Lelaki itu bernama Dedi Mulyadi. Pejabat publik yang kerap mencitrakan dirinya sebagai orang kampung itu melejit dan berdiri tinggi sepantaran dua kandidat lain, Ridwan Kamil dan Deddy Mizwar, menjelang Pilkada Jawa Barat 2018. Di antara ketiganya, Dedi Mulyadi barangkali sosok yang paling sering disalahpahami. Terlebih ketika politik identitas telah menjadi properti yang efektif dalam membakar psikologi massa, sekaligus sebagai instrumen politik.

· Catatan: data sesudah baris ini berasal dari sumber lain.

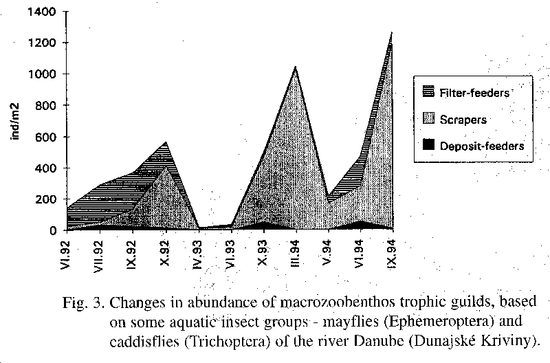 Different development of changes of quantitative and qualitative parameters of macrozoobenthos trophic guilds in the river Danube can be illustrated in two profiles of the old river-bed. The subjects are stretches with different streaming and speed of sedimentation of inorganic material to the river bottom. In the profile of Dunajske kriviny (a rheophile stretch with a rocky bottom) a significant increase of scrapers was represented by the species Psychomyia pusilla and Baetis fuscatus (essentially in this period biomass of periphyton in the old river-bed bottom increased) occurred after the marked depression at the end of 1992 (Fig. 3), and in the first half of 1993. In 1994 a certain stabilisation of filtrators occurred, but on a different quantitative and mainly qualitative base. The abundance of macrozoobenthos (mayflies and caddisflies) increased significantly in comparison with previous periods, and in comparison with other Danubian localities (Table 2). It is connected with a high trophic level (high periphyton biomass) of this stretch of the river Danube in 1994 (stabilisation of the bottom, increased transparency and a decreased average depth in the water table). A similar result was obtained by Tirjakova and Matis [20] at the study of ciliated protozoa.
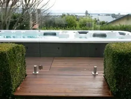 Терраса уличного спа бассейна с противотоком и доступ к оборудованию джакузи
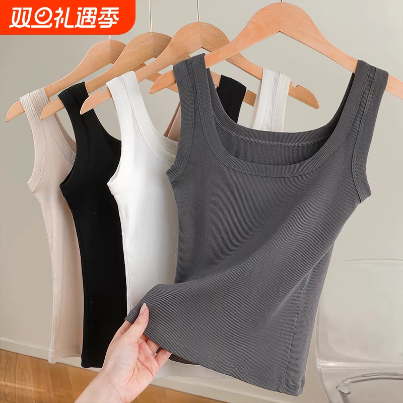 夏季莫代尔带胸垫吊带背心女装圆领内搭打底纯色无袖大码薄款上衣
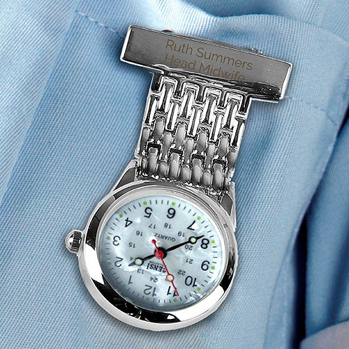 Our Personalised Nurse's Fob Watch is an ideal gift for a nurse, healthcare professional or beautician. Personalise this nurse's watch with 2 lines of text, with up to 20 characters per line. All text is case sensitive and will appear as entered. This fob watch has an easy to read dial with white luminous hands, making reading the time quick and easy. The watch casing is stainless steel plated. It also features a traditional brooch fastening. The watch is presented in a black pouch. The fob watch includes a 12 months manufacturer's warranty. Batteries are included. Battery type is SR626. Please note we cannot ship this item internationally. Ideal for Birthdays, Mother's Day, Graduation, New Job.

Jauh sebelum konstelasi politik Jawa Barat memanas, sosok dan pemikiran Dedi Mulyadi memang sering menghiasi halaman muka media. Berbagai kebijakan maupun pernyataannya bak bola salju saat disorot media. Dedi memang tergolong berani saat berdiri kokoh di atas keyakinannya, termasuk saat berhadapan dengan pentolan FPI (Front Pembela Islam), Rizieq Shihab. Munculnya penentangan pencalonannya sebagai gubernur Jawa Barat oleh sebagian kelompok yang mengatasnamakan ulama, dengan tudingan kemusyrikan, merupakan gelombang lanjutan dari yang pernah menerpa Dedi Mulyadi sebelumnya. Bagi saya, kekhawatiran sebagian orang tentang Dedi Mulyadi merupakan sesuatu yang tidak masuk nalar. Siapa saja, termasuk Dedi Mulyadi, memiliki hak politik sebagaimana dilindungi konstitusi kita.

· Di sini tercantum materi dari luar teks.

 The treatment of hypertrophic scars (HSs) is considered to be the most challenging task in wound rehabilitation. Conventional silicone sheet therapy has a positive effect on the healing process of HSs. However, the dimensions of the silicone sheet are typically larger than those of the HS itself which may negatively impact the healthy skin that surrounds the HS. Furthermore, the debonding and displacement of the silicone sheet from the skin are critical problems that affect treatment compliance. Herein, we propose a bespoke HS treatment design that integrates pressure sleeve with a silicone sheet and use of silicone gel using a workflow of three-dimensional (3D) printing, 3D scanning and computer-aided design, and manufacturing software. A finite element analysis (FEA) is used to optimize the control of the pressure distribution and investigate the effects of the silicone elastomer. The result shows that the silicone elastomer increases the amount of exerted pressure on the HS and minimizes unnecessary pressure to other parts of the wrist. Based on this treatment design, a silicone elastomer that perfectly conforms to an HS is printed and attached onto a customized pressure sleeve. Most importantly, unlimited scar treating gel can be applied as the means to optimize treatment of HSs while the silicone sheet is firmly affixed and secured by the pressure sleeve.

Dalam pandangan pribadi saya, kehadiran Dedi Mulyadi di panggung politik dengan corak pemikirannya, merupakan khazanah tersendiri bagi bangsa ini. Dedi Mulyadi berikut corak pemikirannya merupakan bagian dari kekayaan Indonesia yang tidak dimiliki bangsa-bangsa lainnya di dunia. Semestinya, kita menghargai cara pandang Dedi Mulyadi, seirama dengan bagaimana kita memandang Indonesia yang bhineka ini.
Saya rasa, bagi siapa saja yang tebersit motivasi menghilangkan keragaman hanya karena ego sektoral, penting menilik cara pandang Dedi Mulyadi mengenai keragaman itu. Dalam buku Mengayuh Negeri dengan Cinta (Rosda Karya, 2009), Dedi Mulyadi menyebut bahwa keragaman merupakan sebuah potensi. Dia mengibaratkan keragaman itu dengan samara pawon. Dalam bahasa Indonesia, samara pawon artinya bumbu dapur, meski secara maknawi tidaklah serupa begitu. Samara pawon, menurut Dedi, memiliki arti yang melampaui deskripsi tentang sejumlah rempah yang menjadi bumbu masakan dapur.
Kata samara merupakan gabungan dari kata “sa-” dan “-mara”. Kata “sa-” dalam bahasa Sunda mencerminkan kesatuan. “Sa-” itu mulanya banyak, kemudian diramu menjadi satu. Kalimat yang dihasilkan dari awalan “sa-” adalah cermin kata yang dibangun dari berbagai nilai. Contohnya: sareundeuk, saigeul, sabobot, sapihaneun—ketiganya bermakna satu kesatuan.
Samara merupakan satu keanekaragaman yang dijadikan satu. Samara terdiri atas sejumlah buah-buahan, sayuran atau rempah-rempah yang disatukan. Pada awalnya terpisah-pisah dengan rasanya masing-masing, lalu dengan campur tangan kreativitas manusia keberbedaan itu menjadi satu dalam rasanya yang baru. Menariknya lagi adalah rasa baru itu tidak menghilangkan kekhasan dari masing-masing penyusunnya. Bayangkanlah samara dalam bentuk sambal. Walau telah menjelma bentuk dan rasa baru, yakni sambal, tetap saja terasa pedasnya cabai, legitnya terasi, asinnya garam. Semuanya menyatu, namun tidak menghilang dalam kesatuan.
Dengan kata lain, samara pawon yang dituangkan Dedi Mulyadi adalah istilah lain bagi kiblat kita dalam bernegara, yakni Bhineka Tunggal Ika. Jadi, beragamnya pemikiran setiap individu adalah berkah sepanjang bertujuan merawat semangat kebangsaan. Dan semangat kebangsaan itu hanya akan menjadi utopis ketika semangat toleransi tidak menjadi imamnya.
Menjadi manusia seunik Dedi Mulyadi, menurut saya, memang layak disalahpahami. Putra terbaik Indonesia seperti Gus Dur atau Cak Nur pun kerap disalahpahami. Lantas apakah sedemikian buruknya disalahpahami? Karena untuk menjadi agung, tutur pemikir Amerika Ralph Waldo Emerson, adalah untuk disalahpahami.